1584  [That this and other similar chemical phænomena may be of more advantage than as affording merely subjects for speculation to the philosopher, although not immediately applicable to any useful purpose, may be inferred from the valuable application of fulminating mercury, a somewhat similar compound to that under consideration. This, at first, as with fulminating gold at present, was a mere curiosity; it has recently caused the almost complete substitution of percussion for flint locks in fire-arms, which in addition to the greater certainty caused by the increased rapidity of the discharge, œconomises the quantity of powder requisite.

Fulminating mercury is made by dissolving mercury in nitric acid and pouring the solution into warm alcohol. Effervescence ensues. When this has ceased, the mixture is poured upon a filter, and well-washed with water; after draining, the filter is expanded upon plated copper or stone-ware, heated to 212° by steam or hot water. Dr. Ure recommends that the powder be mixed with a solution of mastic in spirits of turpentine, to cause attachment. Its extensive use in making percussion-caps is well-known. It is however a very dangerous substance to experiment with, owing to the readiness with which it explodes, and has caused many very serious accidents.]

1585  Spielmann, Institut. Chem. p. 288.

1586  See Preface of B. N. Petræus to the Works of Valentin, Hamb. 1717, 8vo.

1587  Fr. Basilii Valentini Letztes Testament; Von G. P. Nenter. Strasb. 1712, 8vo, p. 223.

1588  See Bergmann on Pulvis fulminans, in his Opuscula Physica et Chemica, 1780, 8vo, ii. p. 133.
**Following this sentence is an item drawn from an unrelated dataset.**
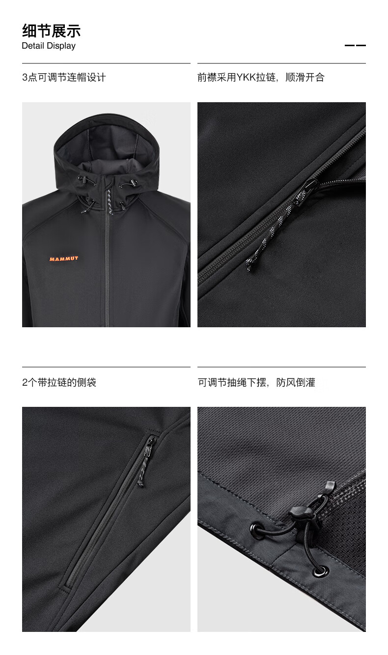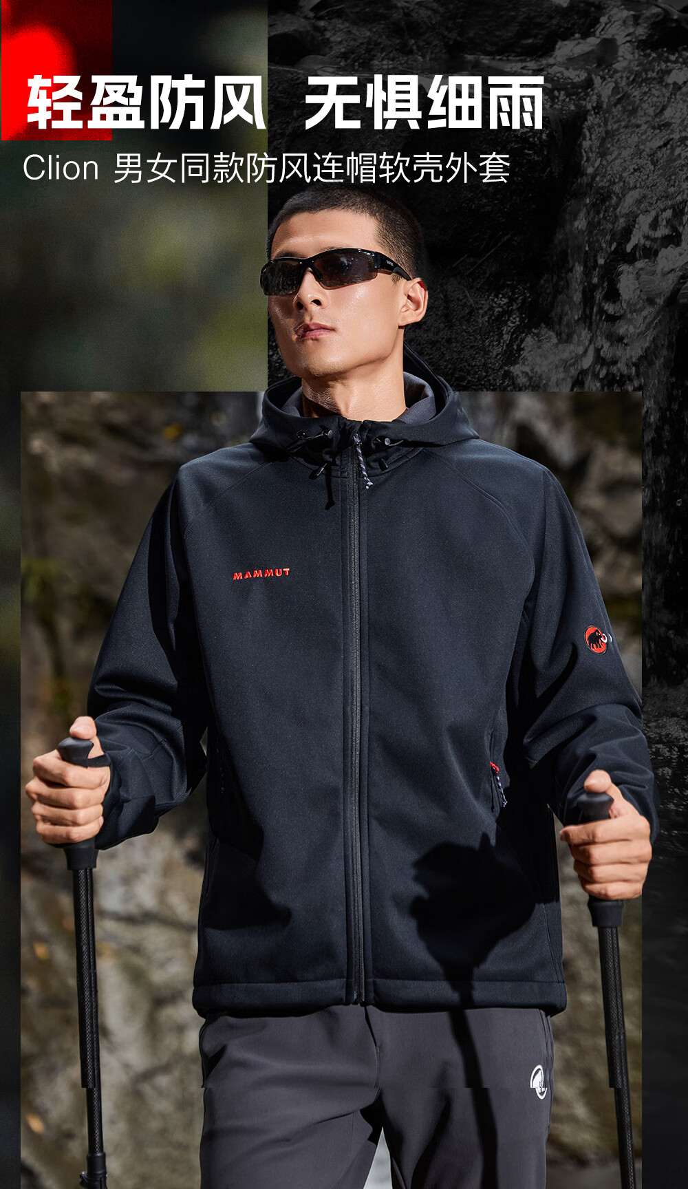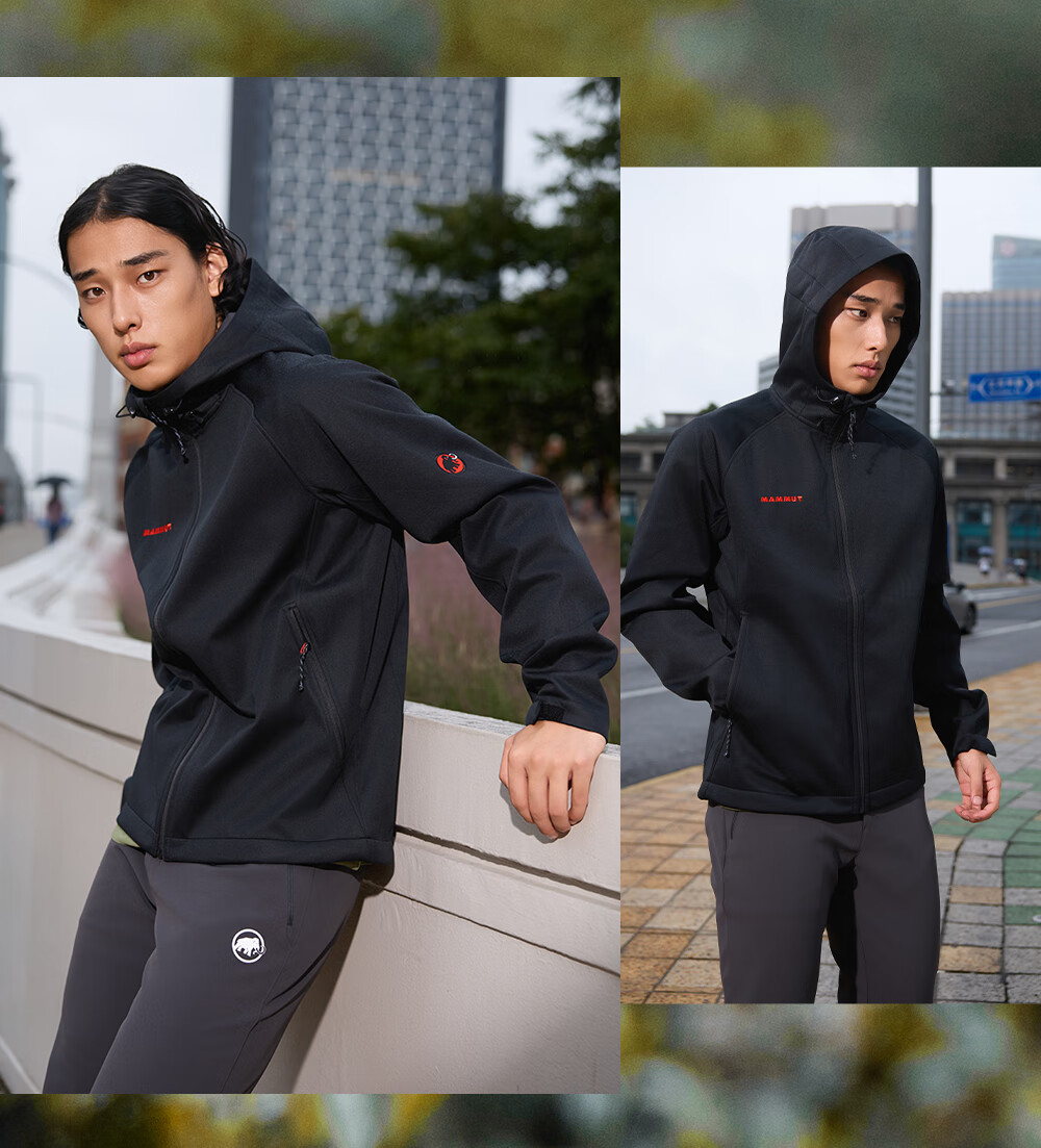 Mammoth (MAMMUT) Red Label Clion Men's and Women's Outdoor Windproof and Wear-Resistant Hooded Jacket Soft Shell Black Red Label M

1589  O. Crollii Basilica Chymica. Franc. (1609), 4to, p. 211.

1590  J. Beguini Tyrocinium Chymicum was printed for the first time at Paris, in 1608, 12mo. In the French translation, Les élémens de chymie, revues, expliquez, etc., par J. L. de Roy; Paris, 1626, 8vo, the receipt for making or fulminant  may be found p. 314.

1591  Kircheri Magnes. Coloniæ, 1643, 4to, p. 548. The author says that he found the receipt for preparing it in Liber insignis de incendio Vesuvii. That I might know whether this work contained anything respecting the history of aurum fulminans, I inquired after it. Kircher undoubtedly meant Incendio del Monte Vesuvio, di Pietro Castelli; in Roma 1632, 4to: but the directions given there, p. 46, for making oro fulminante, are taken from Crollius. Nothing further is to be found in Kircher's Mundus Subterraneus.